Cureton describes the charge that third day in a letter after the war stating that Union artillery opened on them “a half mile of the works” but Confederate lines “crossed the lane in splendid order when about two hundred yards from their works the musketry opened on us.”1
By the time those North Carolina boys got to within forty yards through booming cannons, smoke and murderous fire with dead and mangled bodies all around “our regiment had been reduced to a skirmish line” but still kept “closing to the colours.”2
Through the confusion he heard a cry from Davis’s Mississippi Brigade to the left and turned to see it wiped off the face of the earth by artillery fire like “chaff before a ‘whirl wind'”3
He sums it up:
[T]he gallant old 26th Regiment had sixty-seven muskets and three officers present on the night July 3 1863 of the eight hundred and fifty carried in the fight July 1st 1863.4
Death ‘reigned with universal sway’ in the War Between the States.5
In the book This Republic of Suffering, Death and the American Civil War, historian Drew Gilpin Faust writes:
In the middle of the nineteenth century, the United States embarked on a new relationship with death, entering into a civil war that proved bloodier than any other conflict in American history, a war that would presage the slaughter of World War I’s Western Front and the global carnage of the twentieth century.6
Dead soldiers in the War Between the States
were equal to the total American fatalities in the Revolution, the War of 1812, the Mexican War, the Spanish-American War, World War I, World War II, and the Korean War combined.7
Faust writes that 620,000 died. Those are the long-accepted figures of Union officer William F. Fox who, in the 1890s, counted losses regiment by regiment.8
Fox knew his numbers were low because of incomplete records from the devastated South and other problems with undercounting.
Fox’s numbers were updated in 2011 by historian J. David Hacker who analyzed census records for three decades, the decades before, during and after the war, using techniques such as comparing female survival rates with male, to come up with a range of 650,000 to 850,000 deaths. The midpoint, 750,000, has become widely accepted. James McPherson calls that number “plausible.”9
That number is more horrifying when one considers that there were only 31.4 million people in the country when the war started.10
Compare the 750,000 dead of the War Between the States with the 419,400 dead of World War II out of a national population of 132,164,569.
Consider the carnage. Faust quotes historian James McPherson:
[T]he overall mortality rate for the South exceeded that of any country in World War I and that of all but the region between the Rhine and the Volga in World War II.11
Historian Phil Leigh writes:
At least five percent of the white population of the eleven Confederate states, from which the government drew her soldiers, were killed during the Civil War. If America were to go to war presently and suffer the same death ratio [as the South], the number of killed would total seventeen million. That is more than forty times the number of American deaths during World War II.12
Leigh is making the point that:
Given the magnitude of such losses, nobody with common sense could believe that the prime motive to erect and display memorials to seventeen million dead . . . would be anything other than to honor their memory.13
The War Between the States was not only bloody, it changed our government forever. It is commonly referred to as the central event in American history.

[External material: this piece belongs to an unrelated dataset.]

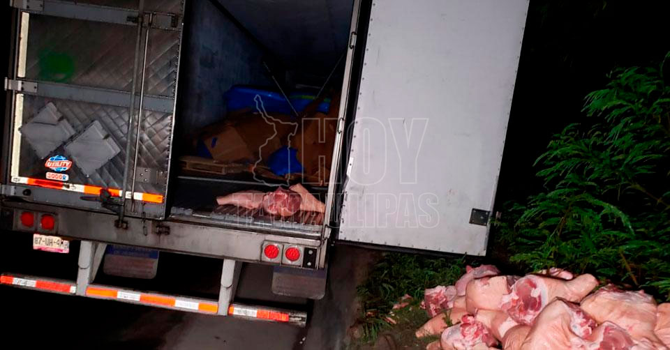 Ciudad Victoria, Tamaulipas. – Para no perder la costumbre lugareños, automovilistas y hasta choferes de tráileres rapiñaron piernas de cerdo de una caja de un tracto camión, luego de que este fuera abandonado por su chofer tras protagonizar una carambola en la Rumbo Nuevo.

We went from the republic of the Founding Fathers in which states were supreme and sovereign,14 to a consolidated national government that was supreme over the states.
Southerners had wanted their states supreme and sovereign forever: States’ Rights. The Preamble to the Confederate Constitution makes that clear:
We, the people of the Confederate States, each State acting in its sovereign and independent character, in order to form a permanent federal government, establish justice, insure domestic tranquillity, and secure the blessings of liberty to ourselves and our posterity invoking the favor and guidance of Almighty God do ordain and establish this Constitution for the Confederate States of America. (Bold emphasis added)
But Northerners wanted the federal government supreme. They were the “Federals” in the war.
They wanted to control the country’s economy, banking, money, commerce, taxes, tariffs and wealth by controlling the federal government.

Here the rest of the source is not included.